Popularny „botoks” służy do czasowego, odwracalnego osłabienia lub zablokowania kurczenia się mięśni. Podajemy go na całe czoło i w okolicę tzw. „kurzych łapek”. Dzięki temu odmładzamy, łagodzimy surowy wygląd. Zapraszam do poczytania o tym co najważniejsze przed zabiegiem.
- Toksyna botulinowa jest lekiem sprzedawanym na receptę. Uprawnienia do wystawienia recepty i podawania leku ma wyłącznie lekarz.
- Lekarze używają wyłącznie najlepszych, dokładnie zbadanych, preparatów. Mówią co podają, a pacjent wyraża zgodę, podpisując formularz świadomej zgody.
- Lekarze nie podają tzw. botoksu niewiadomego pochodzenia. I nie ma powodu, żeby poprawiali po osobach nie posiadających uprawnień.
- Toksyna botulinowa jest bardzo skuteczną metodą odmładzania, jednak nie powinno się jej nadużywać, gdyż nie chcemy, aby po wielu latach wiotczejąca skóra, w połączeniu z osłabieniem mięśni, dała efekt odwrotny. Myślmy perspektywicznie.
- Częstotliwość korzystania z iniekcji „botoksu” nie powinna być większa niż co 6 miesięcy u młodych osób i rzadziej u starszych pacjentów.
- Nie kieruję się schematami.

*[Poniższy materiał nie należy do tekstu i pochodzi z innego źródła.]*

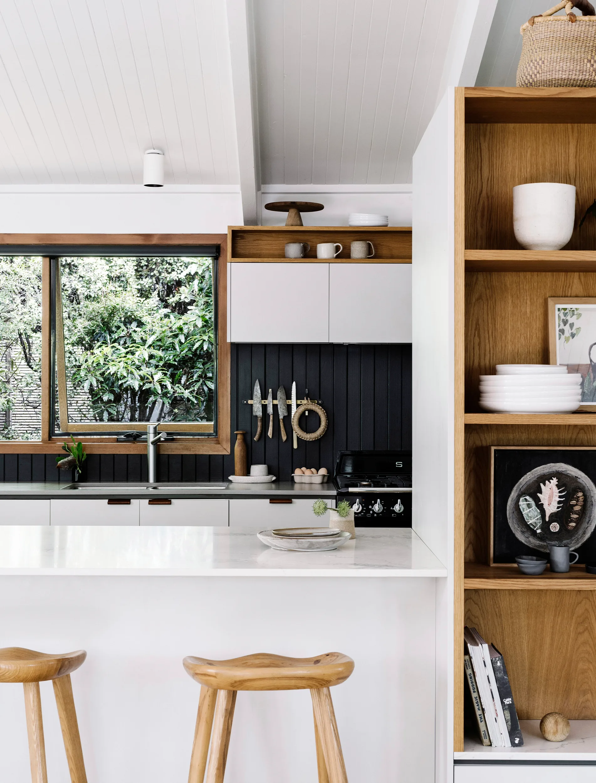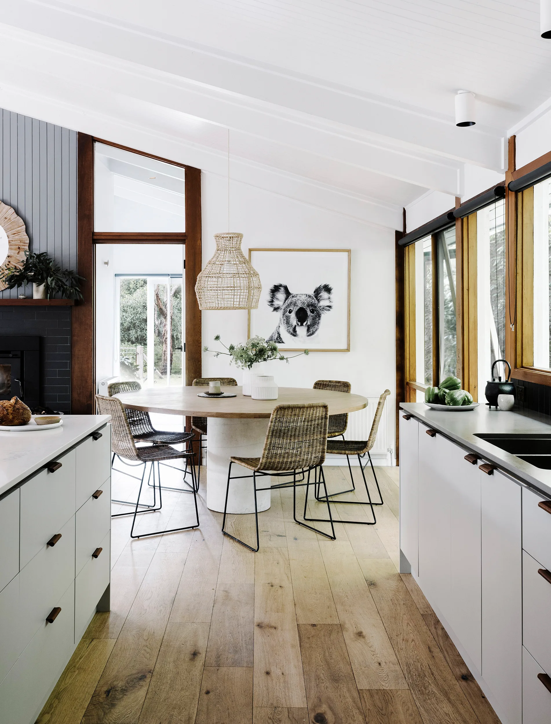 “The kids are always outside, running around in the bush,” says Jayne. “There’s a creek at the back of the house, and my children are always making cubbyhouses and hanging out with friends there. And Darren and I spend a lot of time around the fire pit, cooking with friends.”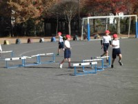 5年生の体育では、ハードル走に挑戦していました。『ハードルを越えながら、同じ距...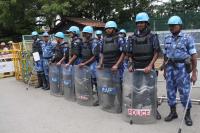 RAF and Police personnel tight security at CM Home office and Residence, in Bengaluru on Wednesday 21st September 2016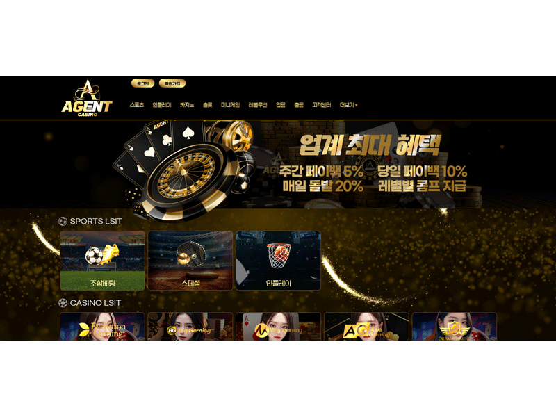에이전트카지노는 검은색과 메탈 골드 조합의 무거운 톤을 사용해 고급 테이블 게임의 분위기를 선호하는 이용자층을 겨냥합니다. 상단 히어로 배너에서 **주간 페이백 5%, 당일 페이백 10%, 매일 돌발 20%, 레벨별 콤프** 같은 키워드를 전면에 배치해 ‘상시 보상’과 ‘레이어드 리워드’를 브랜드 정체성으로 밀고 있습니다. 운영 관점에서 본 사이트는 스포츠/인플레이, 라이브 카지노, 슬롯, 미니게임으로 균형을 맞추되, **등급별 콤프**와 **주간/당일 페이백**을 리텐션 중심 기능으로 설계한 점이 특징입니다. 본 리포트는 화면 구성, 운영 기조, 보안/정책, 결제·정산 동선, 그리고 제공 이벤트의 실제 운영 맥락을 종합 분석하여 이용 전 체크리스트를 제공합니다.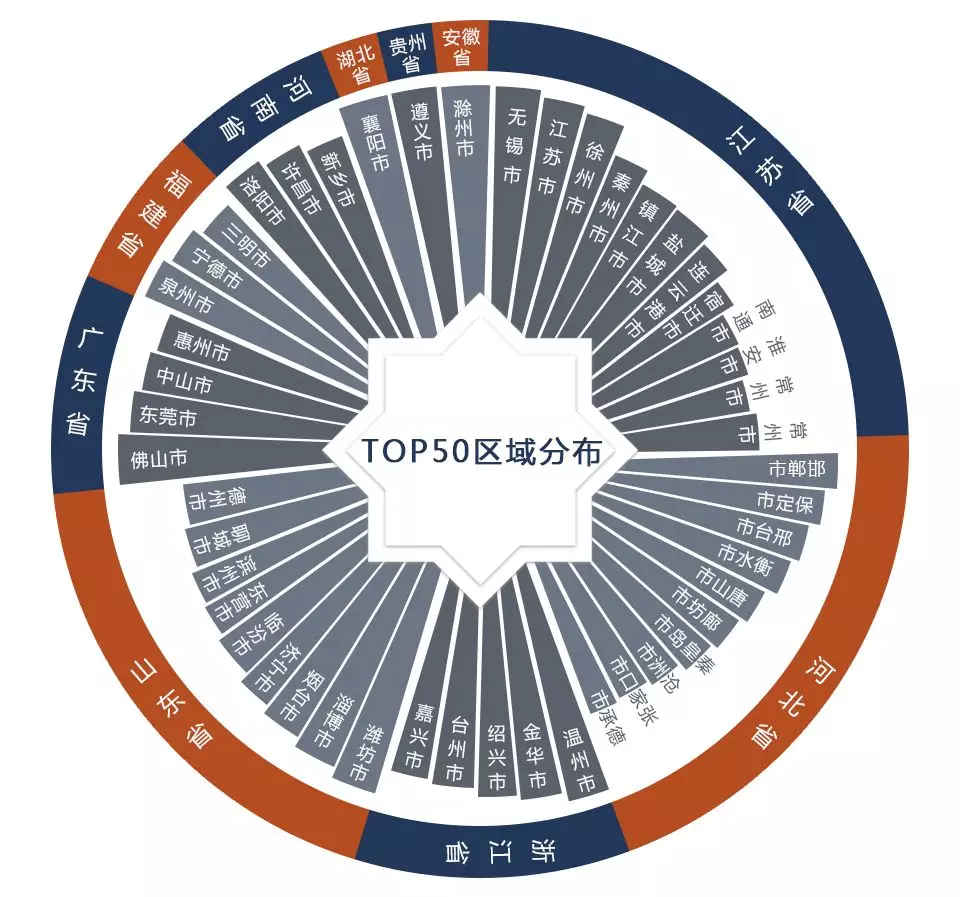 ▲失信黑名單企業(yè)數(shù)量TOP50區(qū)域分布

Ogólnie jest przyjęte, że „botoks” podaje się na „okolicę” i płaci też za jedną, dwie lub trzy okolice. Tak może być, ale nie musi. Dlaczego? Ponieważ najlepszy efekt uzyskuje się podając tyle ile potrzeba. Przykładowo, odpowiednik dawki na 1 okolicę podaję na całe czoło.
- Wiotczenie skóry czoła, pojawiające się wraz ze starzeniem się skóry, może spowodować opadnięcie powiek (odwracalne) lub „nawis” nadmiaru skóry. Lepiej wykonać serię mezoterapii peptydami, aby ujędrnić i zagęścić skórę.
- Czas utrzymywania się efektów zależy od nasilenia mimiki. Przy silnym marszczeniu czoła, u młodej osoby, efekt słabnie lub zanika po 4-6 miesiącach. Zalecam wykonać wtedy kolejny zabieg, czas utrzymywania efektów zacznie się wydłużać.